Роман «Мужики и бабы» звучал своеобразным крестьянским эпосом, врезаясь в исторический материал весьма болезненный и очень сложный: коллективизация, раскулачивание…
…украденная кобыла, пасшаяся на лугах, выводит Андрей Бородина на след Ивана Жадова – известного в округе вора, собиравшегося бежать с подругой, да не поспевшего: в завязавшейся перестрелке будет убит…
А на деревню надвигается тьма: требование изъятия хлебных излишков и борьбы с кулаками всё настойчивее и настойчивее.
Кулаку не объяснить, что он кулак.
Бедняка не убедить, что он должен навсегда оставаться бедным.
Узлы конфликтов завязываются туго – и также строится повествование, не допускающее пустот, провалов, лакун.
Пласты языка соответствуют земельным, пахотным пластам яви; и сила произведения очевидна.
Б. Можаев густо заселял свои книги: охотники, сплавщики леса, колхозники, агрономы – лица, люди, характеры, образы…
И книги его гудели своеобразной, густой, из глубин поднятой музыкой жизни.
2
Живой…
Из жизни Фёдора Кузькина.
Два названия: об одном персонаже: очень русском, сколько ни бей его жизнь, в землю не вобьёт, поднимается он, крепнет словно, сил от земли набравшись, живёт.
Оттого и – Живой.
…пятидесятые годы, Рязанская область – космос отделяет от сегодняшнего мира; интересно, как бы тогда влияла компьютеризация на жизнь?
Но Можаев – жёсткий реалист: всё происходящее шероховато, следует одному вектору: тогдашней жизни: показанной так, что осталась, впечатанная в прозу писателя.
Конфликты, бьющие молниями в жизнь Живого: за год работы в качестве оплаты выдали мешок гречихи: как тут жить?
Из колхоза исключён, штраф наложен, устраивается охранять лес…
Жизнь тащит через фильтры не зримые, метафизические: ради чего?
Понять бы…
Никакой метафизики: исключая той, что разлита своеобразной субстанцией в недрах жизни – всегда.
Кузькин не думает за что и почему – он выживает; и так колоритно показывает это Можаев языком тугим и сильным, словно не страницу пишет, дом строит…
Монументальны «Мужики и бабы» - отправляющие в 1929 год: в бездны раскулачивания…
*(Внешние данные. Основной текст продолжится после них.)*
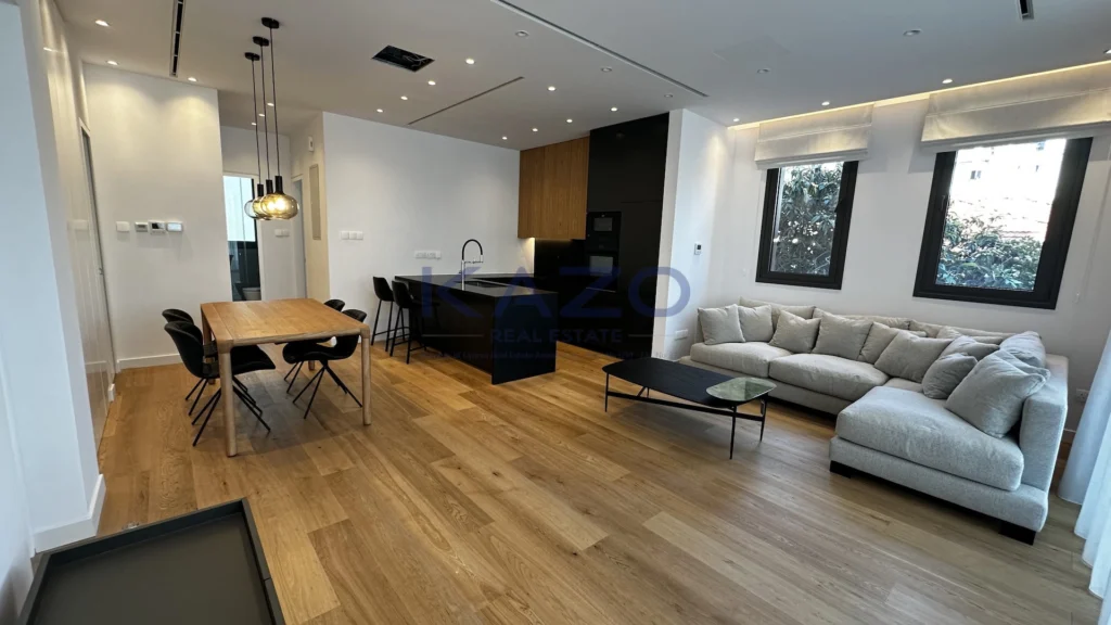 For rent: Modern two-bedroom apartment in the heart of City Center, Agia Zoni. This well-maintained 77 m² home offers a stylish living experience, featuring a bright open-plan layout. Enjoy a spacious living and dining area with large windows that provide beautiful city views. Both bedrooms are designed for comfort, and there are two contemporary bathrooms for added convenience.

Наглый и увёртливый вор Жадов: фамилия-то какая! Активничающий Возвышаев, насыпающийся, как полагается на кулаков, - чем не перетолковка бесовского варианты человеческого развития – из Достоевского?
Гроздь людская - тугая: и ягоды в ней столь различны.
Роман, использующий историю для показа вечного в человеке: и возвышающего, и тянущего гирями метафизическими вниз…
Мощно разворачивал свои повествования о человеке Б. Можаев…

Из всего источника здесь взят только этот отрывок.